The heavy door groaned open, and the landlord gestured him inside. "Old Fu across the hall? Military. Xiao Cheng, the security captain at the gate? Ex-army. The aesthetics are a bit rough, but you won't find a safer place to sleep."
"My son used to live right below me. If he hadn't begged me to move in with him, I never would've left. I kept the place immaculate. What do you think?"
"Your son is a good man, making enough to support you like that," Su Jin smoothly flattered. "If I had that kind of cash flow, my folks would be thrilled. You're living the dream!"
"Ah, it's not bad, not bad! You're doing fine yourself, young man!" the landlord waved it off, though a smug grin betrayed his pride.
Su Jin didn't waste breath on idle chatter, beginning a systematic sweep of the rooms.

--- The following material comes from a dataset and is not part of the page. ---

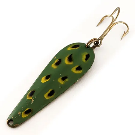 Mosazná konstrukce tvoří základ této 4,5cm (1 3/4") plandavky ve tvaru kapky. Přímo do zadní kovové strany jsou vyraženy nápisy Wright & McGill a Streamliner, které jsou ostré a čitelné a identifikují tento konkrétní exemplář produktovým kódem 11704. Přední strana je vyvedena v tradičním vzoru Frog, který se vyznačuje tmavě olivově zeleným základem zdobeným černými skvrnami se žlutým lemováním, které imitují přirozenou kořist. Při hmotnosti 7 g (1/4 oz) je nástraha osazena trojháčkem ve zlatém odstínu, který je zajištěn spojovacím kroužkem na širším konci těla. Tento v USA vyrobený rybářský kousek vykazuje stav 5/5, přičemž emailový lak si zachovává svůj původní lesk a mosazná zadní strana má čistý a jasný vzhled. Zúžení kovu směrem k očku pro navázání vlasce naznačuje design určený pro nahazování nebo trolling v různých sladkovodních podmínkách.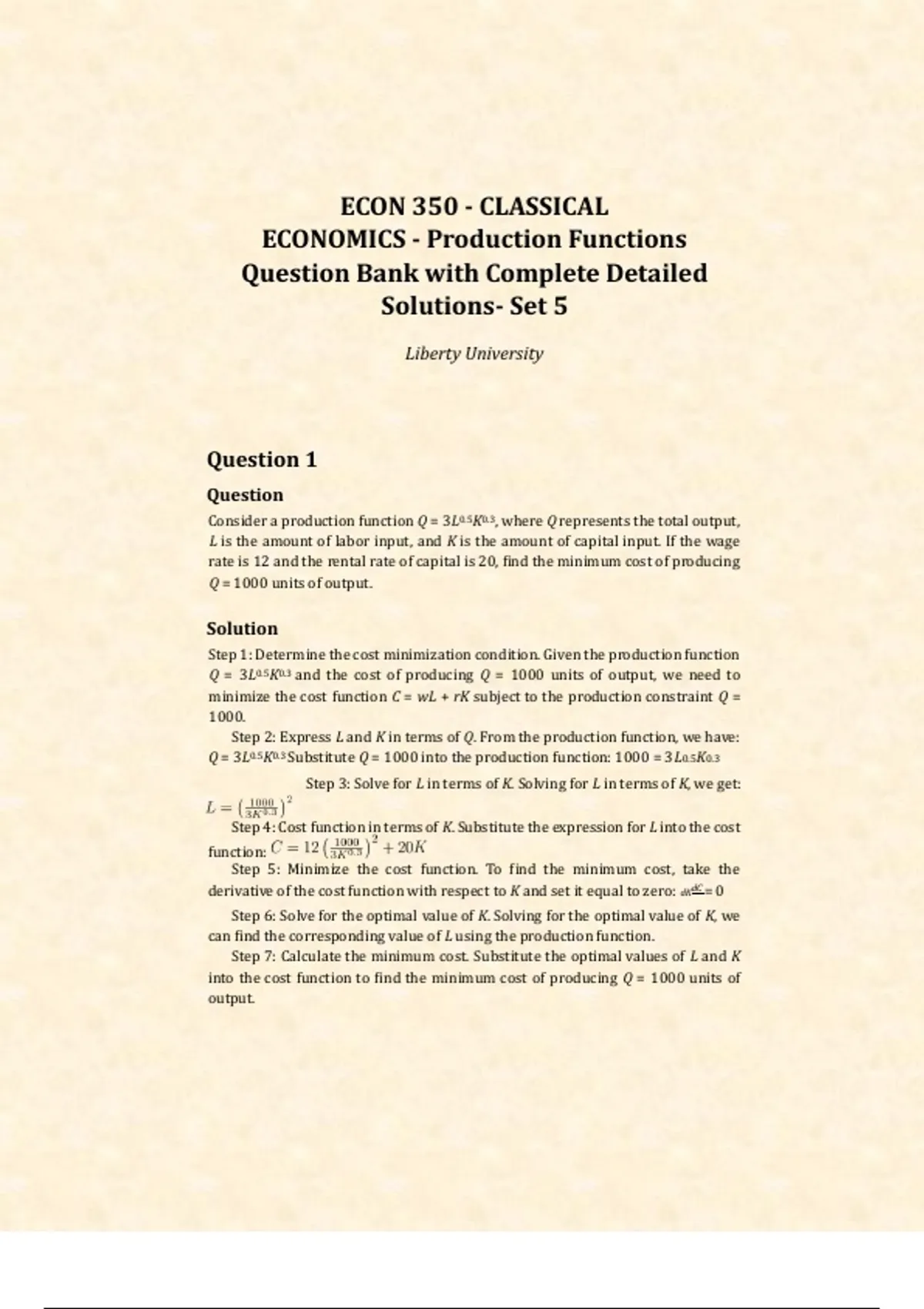 Step 4: Cost function in terms of K. Substitute the expression for L into the cost

Two bedrooms, a living room, a squat toilet, and a kitchen. It lacked appliances, but the basic furniture—tables, chairs, bed frames—was intact... the total footprint was roughly seven hundred and fifty square feet.
The landlord trailed him closely. "Got the essentials, enough to get by. You'll need your own electronics. For cooking, hit up the gas depot right outside the complex. Sixty bucks for a propane tank, hundred-yuan deposit. Morning market's a street over... So, what do you think?"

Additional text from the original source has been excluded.